Le Veilleur de nuit
Pour notre plus grande joie, M. J.-L. Cochet monte, met en scène et joue chaque année une pièce. On la voit d’abord à Paris, dans l’occurrence 2005 aux Bouffes Parisiens, puis en tournée. Il la choisit toujours à la lumière de sa longue expérience de la chose théâtrale et de l’amour qu’il lui porte. Ce qui n’est pas peu dire. Cette année, il a jeté son dévolu sur une pièce de Sacha Guitry, plutôt ancienne : Le Veilleur de nuit. Pièce ancienne certes, mais surtout oeuvre de jeunesse puisque l’auteur l’écrivit et la joua en 1911, alors qu’il avait vingt-six ans. Il en était pourtant déjà à sa sixième production dramatique ! Le choix de M. Cochet se révèle d’autant plus heureux que, non seulement ce Veilleur de nuit n’a pas pris une ride mais qu’il présente en outre une sorte d’intérêt historique, en cela que l’on y trouve déjà notre grand Sacha tout entier.
Le sujet ? Une jeune beauté, entretenue chez lui par un homme riche mais nettement mûr, et appelé par profession à voyager, se laisse volontiers entourer d’une cour de bruyants gigolos à la mode.
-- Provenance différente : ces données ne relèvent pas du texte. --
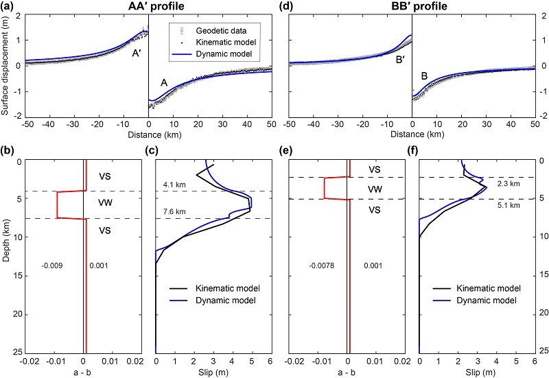 圖3?動力學模型的摩擦屬性設置及模型在地表和深度上的滑移預測與運動學模型對比

Le monsieur mûr a toutes raisons de penser que, durant ses absences, les folles soirées de la beauté doivent trop souvent se terminer en beuveries et coucheries variées. Il en éprouve de l’inquiétude et il n’aime point cela, car il tient avant tout au confort de sa sérénité d’esprit. Or il se trouve que la dame tombe amoureuse d’un artiste en rapport d’âge, à qui le monsieur mûr a confié la tâche de décorer son salon de peintures murales.
Mais cette fois, il ne s’agit pas d’amourettes en l’air ; c’est au contraire du solide, du stable. Découvrant la chose, le monsieur mûr jubile : quand il s’absentera, il pourra désormais partir tranquille, la ravissante beauté se trouvant à présent en mains sûres, celles d’un veilleur de nuit clairement identifié, à l’égard de qui l’on sait à quoi s’en tenir. Dans la scène finale, il s’en explique en toute clarté, et ironie, devant la beauté médusée et le jeune peintre, furieux de découvrir que c’est peut-être lui le vrai cocu dans l’affaire.
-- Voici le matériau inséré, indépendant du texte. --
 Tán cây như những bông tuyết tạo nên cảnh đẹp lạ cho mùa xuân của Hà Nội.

Et vous pouvez imaginer quel bonheur c’est, de voir M. Cochet, dans le rôle du monsieur mûr, exprimer sa satisfaction, ses petits yeux pétillants de malice.
Un tel sujet, la rivalité entre un vieux qui a des sous et un jeune qui n’en a pas, est certes d’une totale banalité, mais ce qui ne l’est pas du tout, c’est l’originalité dans la façon de le traiter, où l’on voit déjà se manifester le prodigieux sens du sujet et de la construction dramatique de notre Sacha. L’on y trouve aussi ce que l’on appelle, peutêtre à tort et d’une façon qu’on voudrait péjorative, des mots d’auteur ; il s’agit en fait de simples répliques, mais si bien adaptées aux circonstances et surtout si percutantes qu’elles en deviennent amies de la mémoire.
Le sens du cocasse n’est point absent non plus et, comme fréquemment chez l’auteur, il se manifeste déjà par la présence d’une bonne invraisemblable, dotée d’un drôle de petit chignon, et, dans le cas, follement amoureuse, elle aussi, du peintre. On pourrait écrire tout un ouvrage sur les bonnes de Sacha Guitry, si souvent et savoureusement jouées de son temps par l’ineffable Pauline Carton. On saura d’ailleurs, pour la petite histoire, que ce rôle fut, lors de la création, tenu par la propre épouse de l’auteur, alors Charlotte Lysès, qui sut s’enlaidir et se ridiculiser à souhait, en grande comédienne qu’elle était. Marguerite Moreno, approchée mais se croyant encore à l’époque une noble tragédienne, avait en effet refusé l’emploi avec indignation.
Malgré cette note comique, flotte pourtant sur la pièce, comme sur presque toutes celles, dites boulevardières, de Sacha Guitry, cette manière d’ironique lucidité, fortement teintée d’amertume quant à l’humaine condition, qui leur confère un accent d’intemporalité, faisant de l’auteur beaucoup plus qu’un simple et éphémère amuseur public. Il est à ce propos singulier de noter que, lorsqu’il voulut se dégager de son désenchantement et donner en modèle, en les portant sur la scène, les grands hommes qu’il admirait, il fut souvent un tantinet ennuyeux.
D’ailleurs, on ne joue plus ses grandes fresques, telles que Franz Hals ou Pasteur. Cela semble un signe qui ne trompe pas.